● **ACTIVITY**: Restate the full listing word for word and leave the pictures out.

● **GIVEN ENTRIES**:
——————

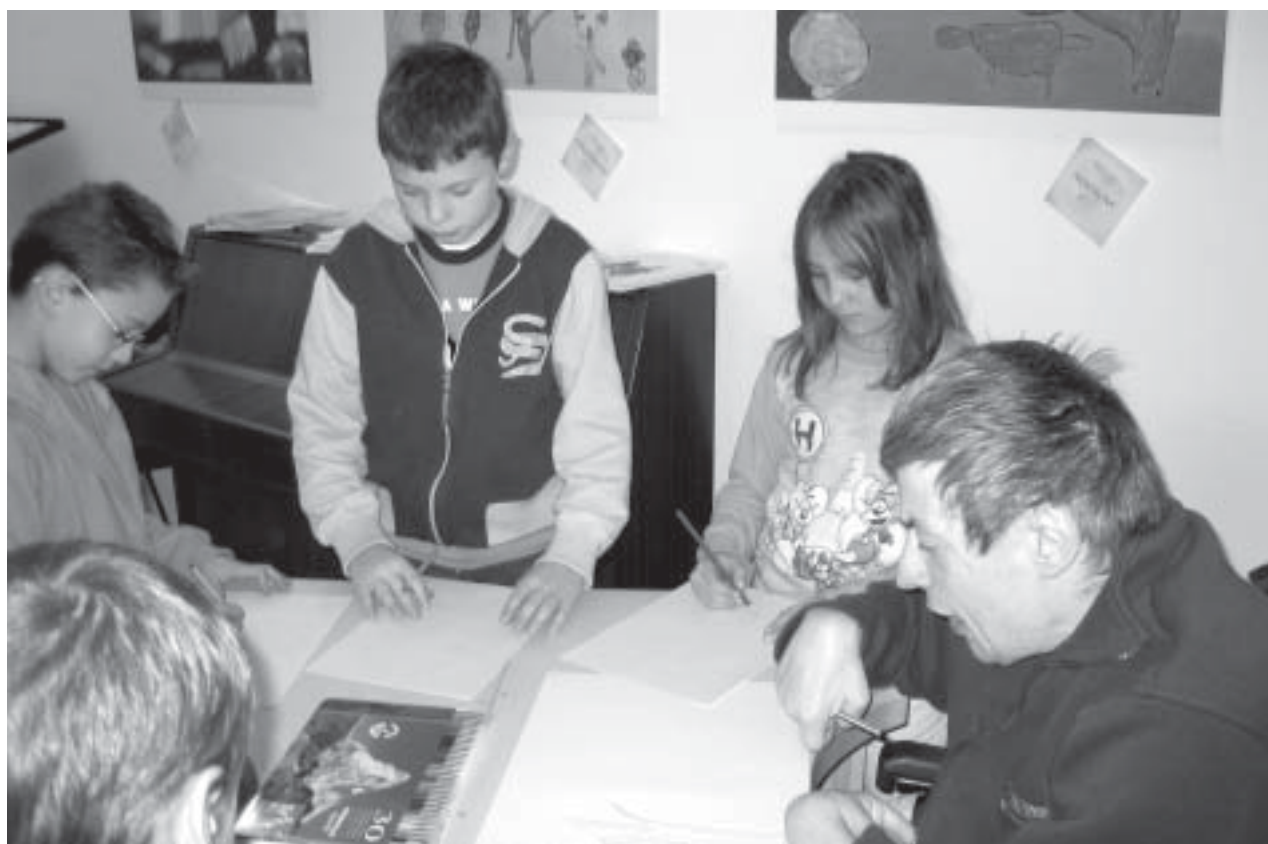
Gli alunni delle elementari all'opera insieme ai ragazzi dell'ANFFAS, nei laboratori organizzati a corredo della mostra.
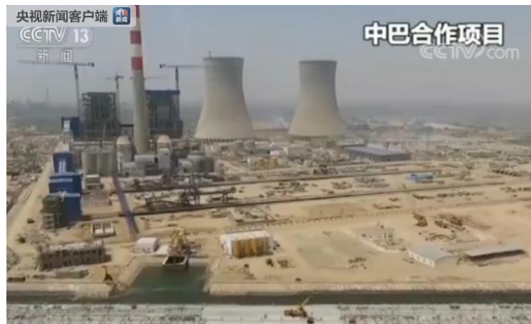
中巴合作项目

我们看到“巴中经济走廊”，这是一项价值 500 亿美元，就是 3000 多亿人民币的一项非常重要的创意。关于这个我谈两点：第一点，基础设施、道路桥梁、港口铁路等等这些基础设施的确是巴基斯坦迫切需要的，如果中国可以向巴基斯坦提供基础设施方面的支持，就会大大加强巴基斯坦的经济。不仅是巴基斯坦，其实印尼、泰国、马来西亚、菲律宾等这些国家都有类似需要，他们都非常迫切地在寻求基础设施方面的发展，而“一带一路”倡议所做的其实就是要给新兴市场国家最想要的东西，也就是基础设施的发展。
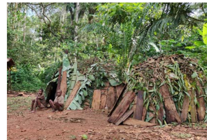
Les pygmées sortent peu à peu de la forêt
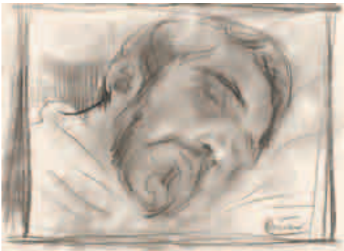
Hombre durmiendo Lápiz sobre papel 31'5 x 45 cm

——————

● **SOLVED PROBLEM**:
Gli alunni delle elementari all'opera insieme ai ragazzi dell'ANFFAS, nei laboratori organizzati a corredo della mostra.
中巴合作项目

我们看到“巴中经济走廊”，这是一项价值 500 亿美元，就是 3000 多亿人民币的一项非常重要的创意。关于这个我谈两点：第一点，基础设施、道路桥梁、港口铁路等等这些基础设施的确是巴基斯坦迫切需要的，如果中国可以向巴基斯坦提供基础设施方面的支持，就会大大加强巴基斯坦的经济。不仅是巴基斯坦，其实印尼、泰国、马来西亚、菲律宾等这些国家都有类似需要，他们都非常迫切地在寻求基础设施方面的发展，而“一带一路”倡议所做的其实就是要给新兴市场国家最想要的东西，也就是基础设施的发展。
Les pygmées sortent peu à peu de la forêt
Hombre durmiendo Lápiz sobre papel 31'5 x 45 cm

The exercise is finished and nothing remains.